#### [Aim of the task]
Leave the pictures out, and transcribe the material below exactly from the line with "另外,黄色是坤土的特性之一,六二爻居中守" to the line with "環(huán)境工程設(shè)計資質(zhì)證書-滄州亞龍壓濾機有限公司", both lines included.

#### [Entries shown]
+-------+
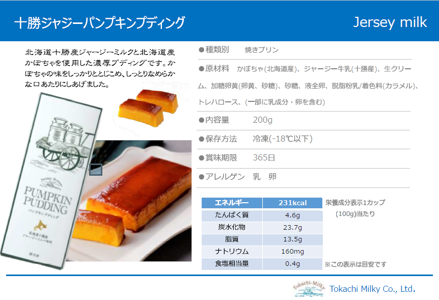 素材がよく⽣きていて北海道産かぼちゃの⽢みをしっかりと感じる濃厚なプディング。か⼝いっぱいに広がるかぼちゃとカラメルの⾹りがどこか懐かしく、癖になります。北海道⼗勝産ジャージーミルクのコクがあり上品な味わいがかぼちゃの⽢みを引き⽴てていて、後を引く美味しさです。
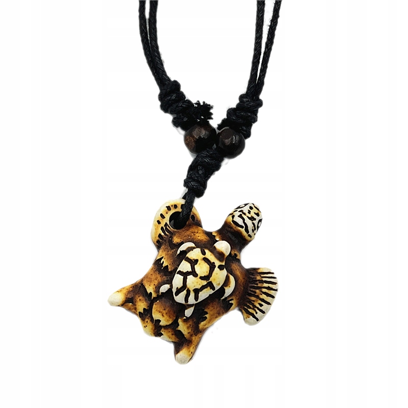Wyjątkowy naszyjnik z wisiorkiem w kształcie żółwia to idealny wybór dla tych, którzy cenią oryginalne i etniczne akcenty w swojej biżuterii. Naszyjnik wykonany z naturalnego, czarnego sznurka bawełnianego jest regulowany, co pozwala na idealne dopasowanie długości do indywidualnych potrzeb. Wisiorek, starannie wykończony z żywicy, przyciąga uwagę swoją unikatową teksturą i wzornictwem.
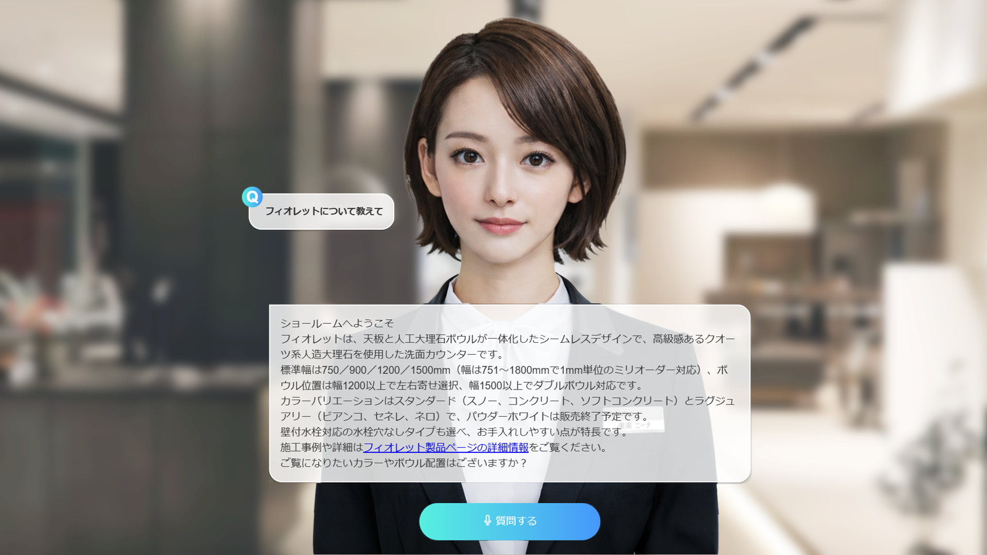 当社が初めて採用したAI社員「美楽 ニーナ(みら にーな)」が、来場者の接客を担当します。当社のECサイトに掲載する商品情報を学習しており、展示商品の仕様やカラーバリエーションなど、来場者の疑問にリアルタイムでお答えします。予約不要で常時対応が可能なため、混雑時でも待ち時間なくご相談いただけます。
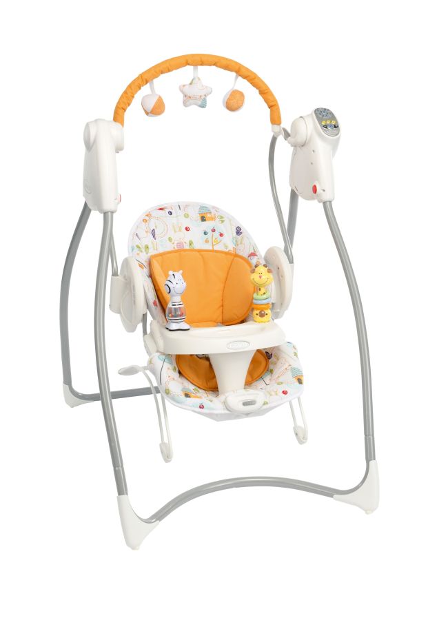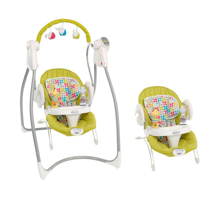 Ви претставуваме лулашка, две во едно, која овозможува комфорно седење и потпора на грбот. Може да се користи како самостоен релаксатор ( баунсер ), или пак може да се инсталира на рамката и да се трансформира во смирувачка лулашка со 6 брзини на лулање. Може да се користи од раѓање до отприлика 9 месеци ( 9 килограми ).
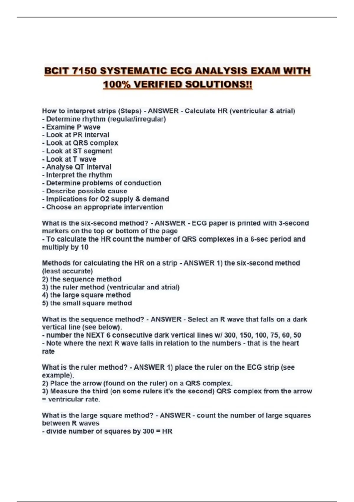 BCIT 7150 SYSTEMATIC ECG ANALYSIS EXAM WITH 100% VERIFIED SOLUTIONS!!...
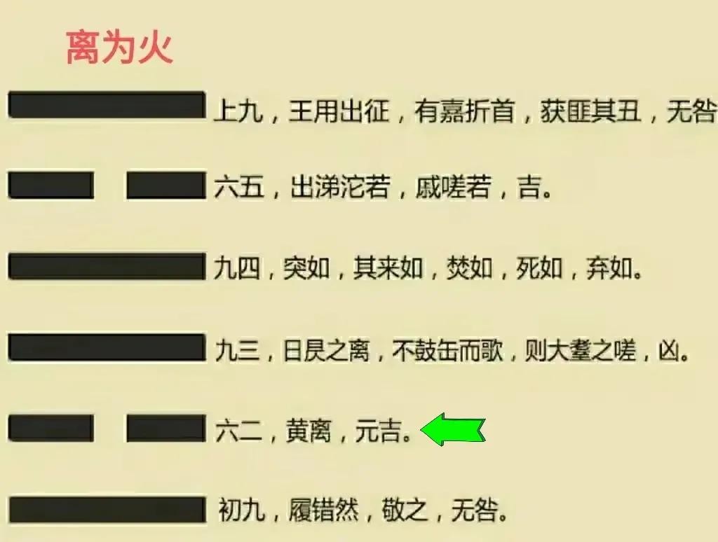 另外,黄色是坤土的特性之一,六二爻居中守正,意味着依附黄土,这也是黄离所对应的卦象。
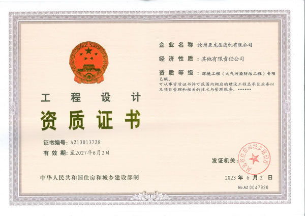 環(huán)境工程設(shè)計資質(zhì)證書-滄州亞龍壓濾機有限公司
+-------+
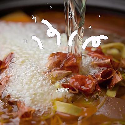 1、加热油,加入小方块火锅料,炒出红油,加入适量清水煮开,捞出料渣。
+-------+
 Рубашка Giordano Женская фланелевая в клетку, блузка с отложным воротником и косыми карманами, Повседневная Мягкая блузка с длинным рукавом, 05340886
+-------+
#### [Answer for this exercise]
 另外,黄色是坤土的特性之一,六二爻居中守正,意味着依附黄土,这也是黄离所对应的卦象。
 環(huán)境工程設(shè)計資質(zhì)證書-滄州亞龍壓濾機有限公司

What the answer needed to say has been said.